### [GIVEN ENTRIES]
+ + +

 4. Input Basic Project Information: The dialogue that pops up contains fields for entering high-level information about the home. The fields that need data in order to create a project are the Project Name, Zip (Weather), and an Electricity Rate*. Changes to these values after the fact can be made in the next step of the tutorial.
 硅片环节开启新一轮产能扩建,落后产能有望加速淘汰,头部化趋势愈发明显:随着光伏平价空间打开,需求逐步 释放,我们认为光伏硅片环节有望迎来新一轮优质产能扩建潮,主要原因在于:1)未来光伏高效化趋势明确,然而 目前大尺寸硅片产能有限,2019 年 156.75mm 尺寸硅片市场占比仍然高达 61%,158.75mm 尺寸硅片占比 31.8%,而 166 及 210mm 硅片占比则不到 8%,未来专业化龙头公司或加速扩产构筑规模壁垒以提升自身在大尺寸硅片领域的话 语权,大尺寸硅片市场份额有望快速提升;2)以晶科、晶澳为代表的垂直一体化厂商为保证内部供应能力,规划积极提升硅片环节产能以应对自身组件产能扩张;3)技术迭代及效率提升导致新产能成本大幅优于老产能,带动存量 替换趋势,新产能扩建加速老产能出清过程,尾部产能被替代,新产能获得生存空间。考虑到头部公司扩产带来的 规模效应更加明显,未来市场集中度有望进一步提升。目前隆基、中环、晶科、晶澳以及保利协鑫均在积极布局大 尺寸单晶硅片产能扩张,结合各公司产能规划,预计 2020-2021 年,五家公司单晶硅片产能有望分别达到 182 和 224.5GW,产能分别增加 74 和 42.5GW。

+ + +

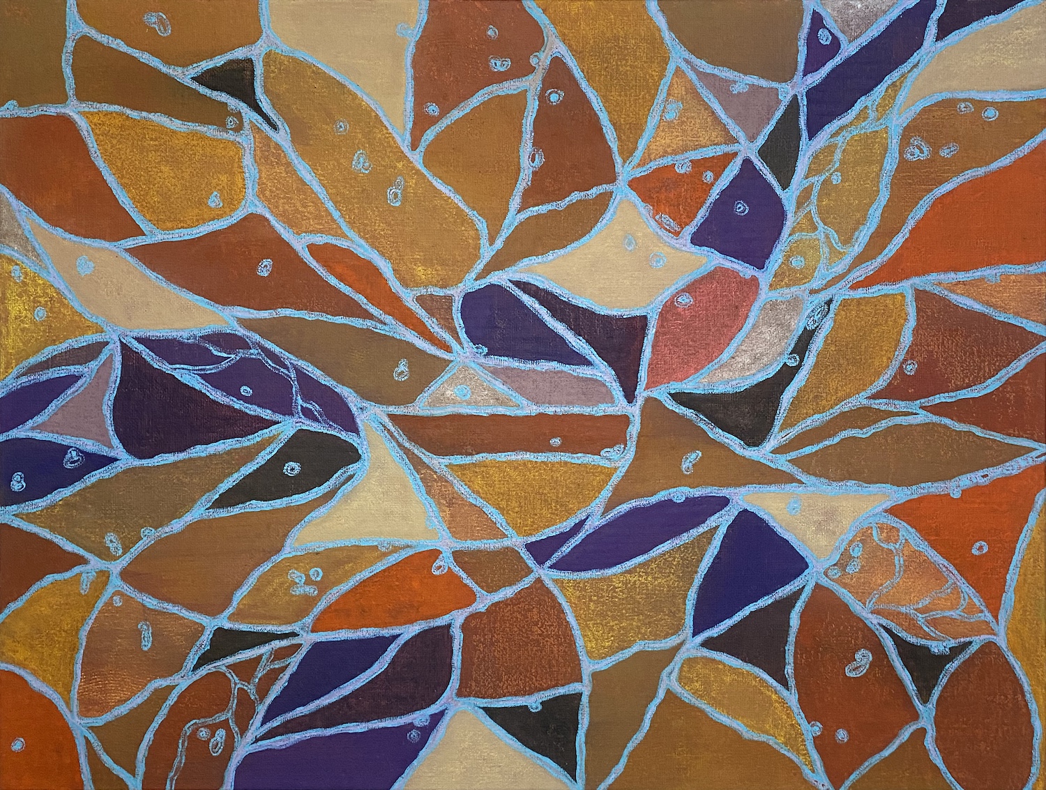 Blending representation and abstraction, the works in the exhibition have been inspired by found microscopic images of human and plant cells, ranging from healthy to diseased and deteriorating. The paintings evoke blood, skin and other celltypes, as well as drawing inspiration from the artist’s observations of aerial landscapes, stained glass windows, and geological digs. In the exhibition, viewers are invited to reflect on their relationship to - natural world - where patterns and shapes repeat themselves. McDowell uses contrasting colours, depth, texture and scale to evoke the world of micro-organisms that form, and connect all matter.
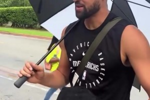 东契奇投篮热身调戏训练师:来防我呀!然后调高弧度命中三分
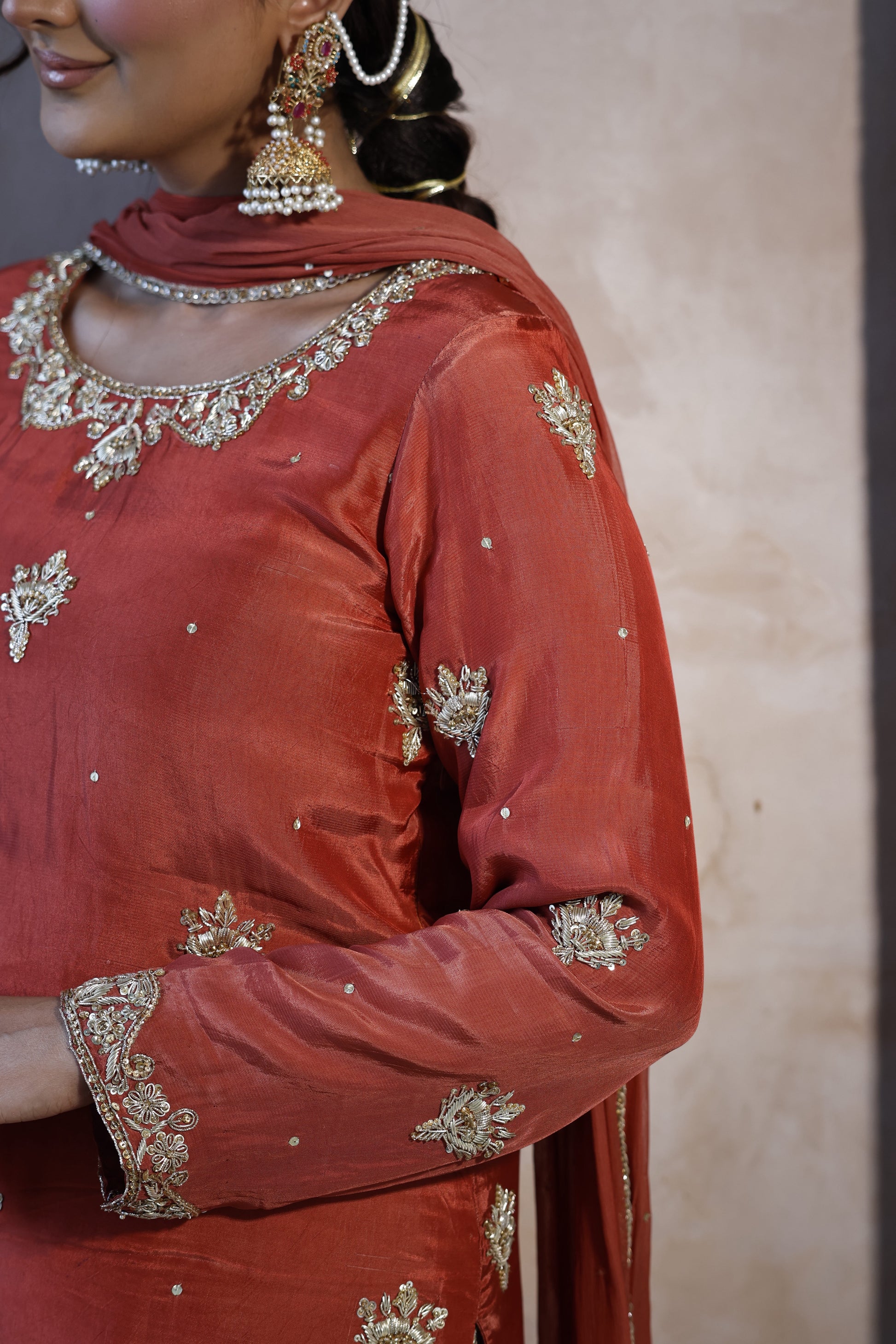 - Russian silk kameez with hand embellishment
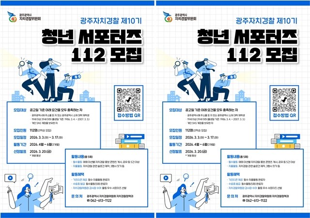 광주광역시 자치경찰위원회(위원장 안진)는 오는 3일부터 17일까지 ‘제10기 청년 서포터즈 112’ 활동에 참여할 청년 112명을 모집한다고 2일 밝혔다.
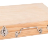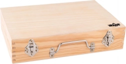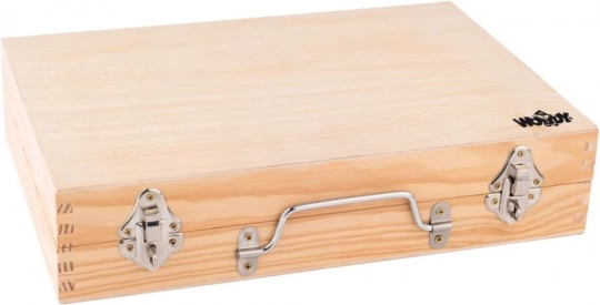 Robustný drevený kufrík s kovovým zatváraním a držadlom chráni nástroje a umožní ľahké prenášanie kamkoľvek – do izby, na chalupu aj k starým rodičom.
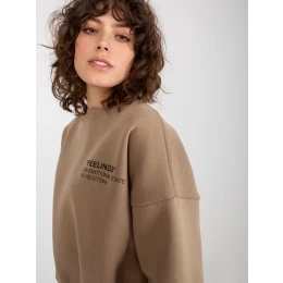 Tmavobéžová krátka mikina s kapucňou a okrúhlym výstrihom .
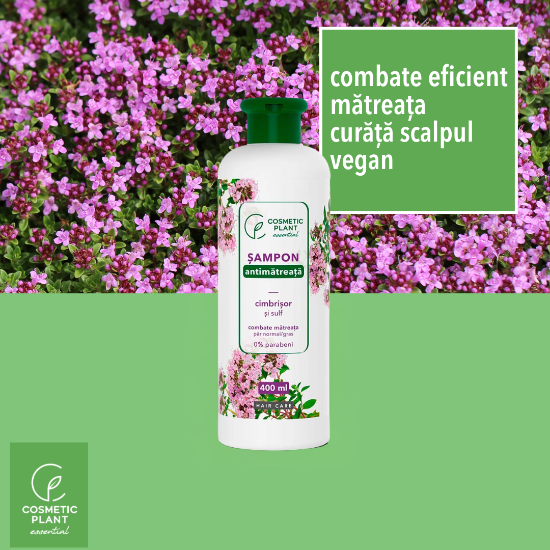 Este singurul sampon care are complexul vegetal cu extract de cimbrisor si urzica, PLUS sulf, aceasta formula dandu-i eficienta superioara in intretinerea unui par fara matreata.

+ + +

### [ASSIGNED TASK]
What you return should be exactly the lines above, starting at the one with "4. Input Basic" and ending at the one with "74 和 42.5GW。", and nothing else.

### [REPLY TO THE TASK]
 4. Input Basic Project Information: The dialogue that pops up contains fields for entering high-level information about the home. The fields that need data in order to create a project are the Project Name, Zip (Weather), and an Electricity Rate*. Changes to these values after the fact can be made in the next step of the tutorial.
 硅片环节开启新一轮产能扩建,落后产能有望加速淘汰,头部化趋势愈发明显:随着光伏平价空间打开,需求逐步 释放,我们认为光伏硅片环节有望迎来新一轮优质产能扩建潮,主要原因在于:1)未来光伏高效化趋势明确,然而 目前大尺寸硅片产能有限,2019 年 156.75mm 尺寸硅片市场占比仍然高达 61%,158.75mm 尺寸硅片占比 31.8%,而 166 及 210mm 硅片占比则不到 8%,未来专业化龙头公司或加速扩产构筑规模壁垒以提升自身在大尺寸硅片领域的话 语权,大尺寸硅片市场份额有望快速提升;2)以晶科、晶澳为代表的垂直一体化厂商为保证内部供应能力,规划积极提升硅片环节产能以应对自身组件产能扩张;3)技术迭代及效率提升导致新产能成本大幅优于老产能,带动存量 替换趋势,新产能扩建加速老产能出清过程,尾部产能被替代,新产能获得生存空间。考虑到头部公司扩产带来的 规模效应更加明显,未来市场集中度有望进一步提升。目前隆基、中环、晶科、晶澳以及保利协鑫均在积极布局大 尺寸单晶硅片产能扩张,结合各公司产能规划,预计 2020-2021 年,五家公司单晶硅片产能有望分别达到 182 和 224.5GW,产能分别增加 74 和 42.5GW。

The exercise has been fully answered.